→ Task statement:
Copy out the data exactly, leaving the pictures behind.

(Stored dataset items)
▽
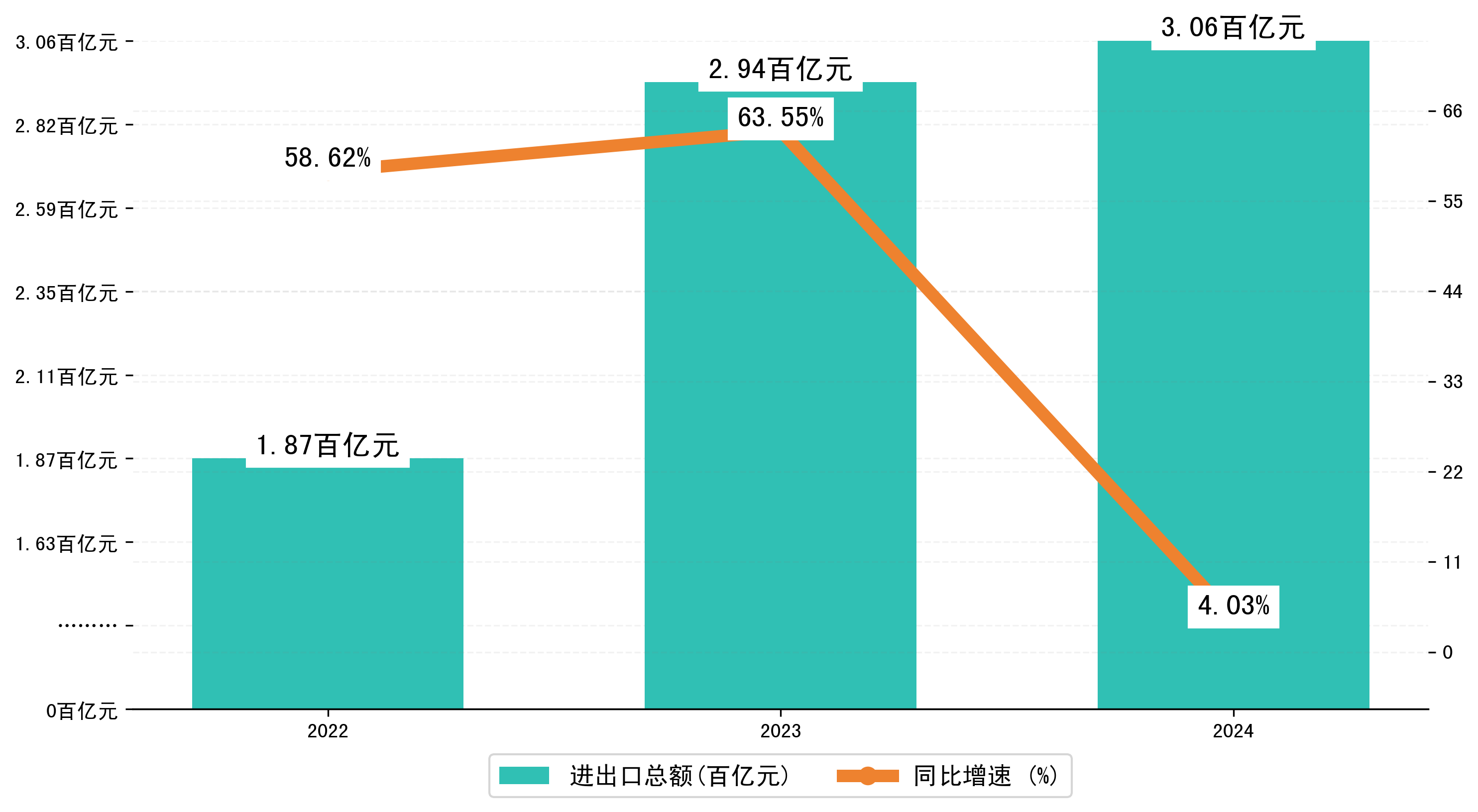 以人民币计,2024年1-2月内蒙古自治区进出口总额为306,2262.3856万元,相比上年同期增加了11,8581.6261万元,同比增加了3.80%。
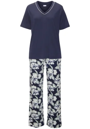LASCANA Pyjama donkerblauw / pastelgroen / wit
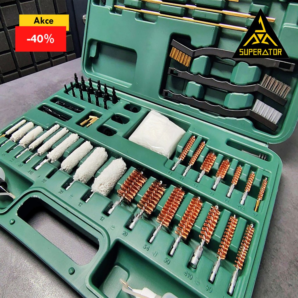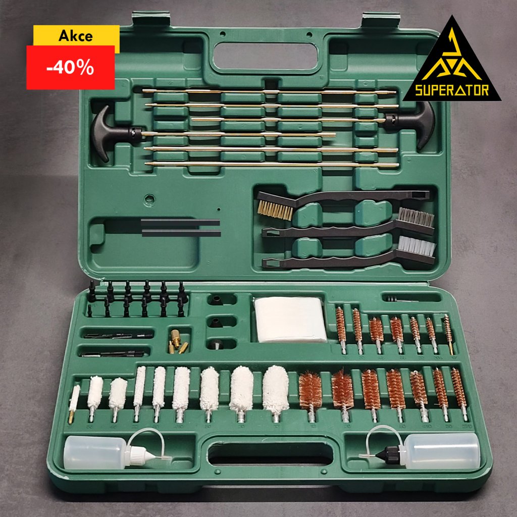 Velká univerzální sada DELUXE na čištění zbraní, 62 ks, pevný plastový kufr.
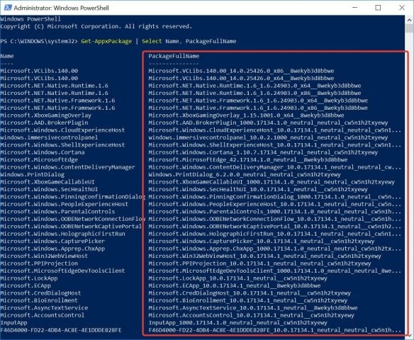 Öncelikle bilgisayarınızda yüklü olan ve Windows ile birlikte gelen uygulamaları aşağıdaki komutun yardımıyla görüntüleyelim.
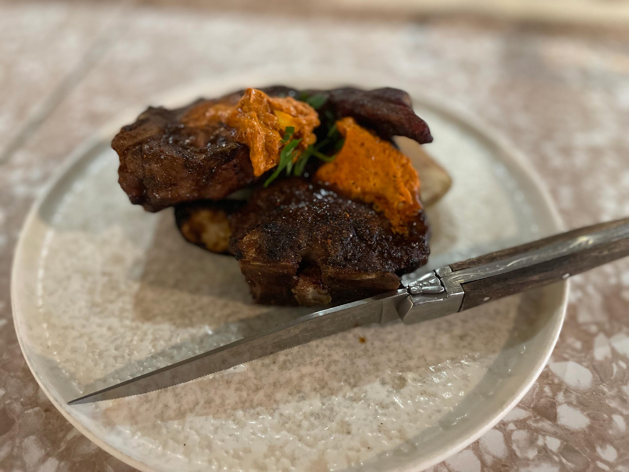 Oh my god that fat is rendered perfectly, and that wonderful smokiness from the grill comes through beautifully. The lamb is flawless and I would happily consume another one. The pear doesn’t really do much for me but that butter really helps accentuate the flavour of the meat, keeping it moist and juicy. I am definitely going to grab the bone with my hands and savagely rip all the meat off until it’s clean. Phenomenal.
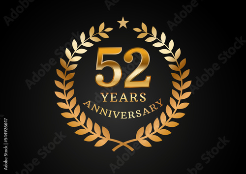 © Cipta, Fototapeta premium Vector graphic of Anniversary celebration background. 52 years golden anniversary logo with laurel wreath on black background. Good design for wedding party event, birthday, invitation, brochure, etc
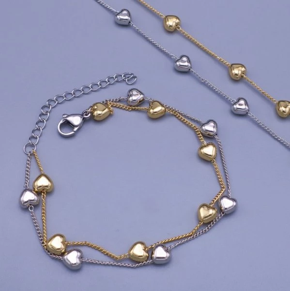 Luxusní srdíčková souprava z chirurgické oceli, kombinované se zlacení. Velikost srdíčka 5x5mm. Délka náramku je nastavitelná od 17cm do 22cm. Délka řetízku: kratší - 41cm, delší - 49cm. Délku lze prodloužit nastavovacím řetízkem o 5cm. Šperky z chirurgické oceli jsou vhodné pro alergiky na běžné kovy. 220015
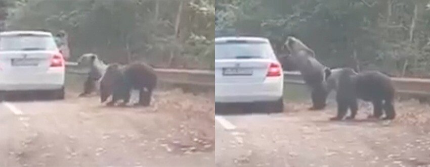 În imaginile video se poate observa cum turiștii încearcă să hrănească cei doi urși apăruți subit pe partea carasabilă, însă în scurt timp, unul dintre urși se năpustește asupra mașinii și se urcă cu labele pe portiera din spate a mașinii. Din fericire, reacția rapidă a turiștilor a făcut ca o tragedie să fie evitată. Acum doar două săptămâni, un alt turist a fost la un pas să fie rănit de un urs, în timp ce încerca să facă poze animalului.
△
→ Answer box:
 以人民币计,2024年1-2月内蒙古自治区进出口总额为306,2262.3856万元,相比上年同期增加了11,8581.6261万元,同比增加了3.80%。
LASCANA Pyjama donkerblauw / pastelgroen / wit
 Velká univerzální sada DELUXE na čištění zbraní, 62 ks, pevný plastový kufr.
 Öncelikle bilgisayarınızda yüklü olan ve Windows ile birlikte gelen uygulamaları aşağıdaki komutun yardımıyla görüntüleyelim.
 Oh my god that fat is rendered perfectly, and that wonderful smokiness from the grill comes through beautifully. The lamb is flawless and I would happily consume another one. The pear doesn’t really do much for me but that butter really helps accentuate the flavour of the meat, keeping it moist and juicy. I am definitely going to grab the bone with my hands and savagely rip all the meat off until it’s clean. Phenomenal.
 © Cipta, Fototapeta premium Vector graphic of Anniversary celebration background. 52 years golden anniversary logo with laurel wreath on black background. Good design for wedding party event, birthday, invitation, brochure, etc
 Luxusní srdíčková souprava z chirurgické oceli, kombinované se zlacení. Velikost srdíčka 5x5mm. Délka náramku je nastavitelná od 17cm do 22cm. Délka řetízku: kratší - 41cm, delší - 49cm. Délku lze prodloužit nastavovacím řetízkem o 5cm. Šperky z chirurgické oceli jsou vhodné pro alergiky na běžné kovy. 220015
 În imaginile video se poate observa cum turiștii încearcă să hrănească cei doi urși apăruți subit pe partea carasabilă, însă în scurt timp, unul dintre urși se năpustește asupra mașinii și se urcă cu labele pe portiera din spate a mașinii. Din fericire, reacția rapidă a turiștilor a făcut ca o tragedie să fie evitată. Acum doar două săptămâni, un alt turist a fost la un pas să fie rănit de un urs, în timp ce încerca să facă poze animalului.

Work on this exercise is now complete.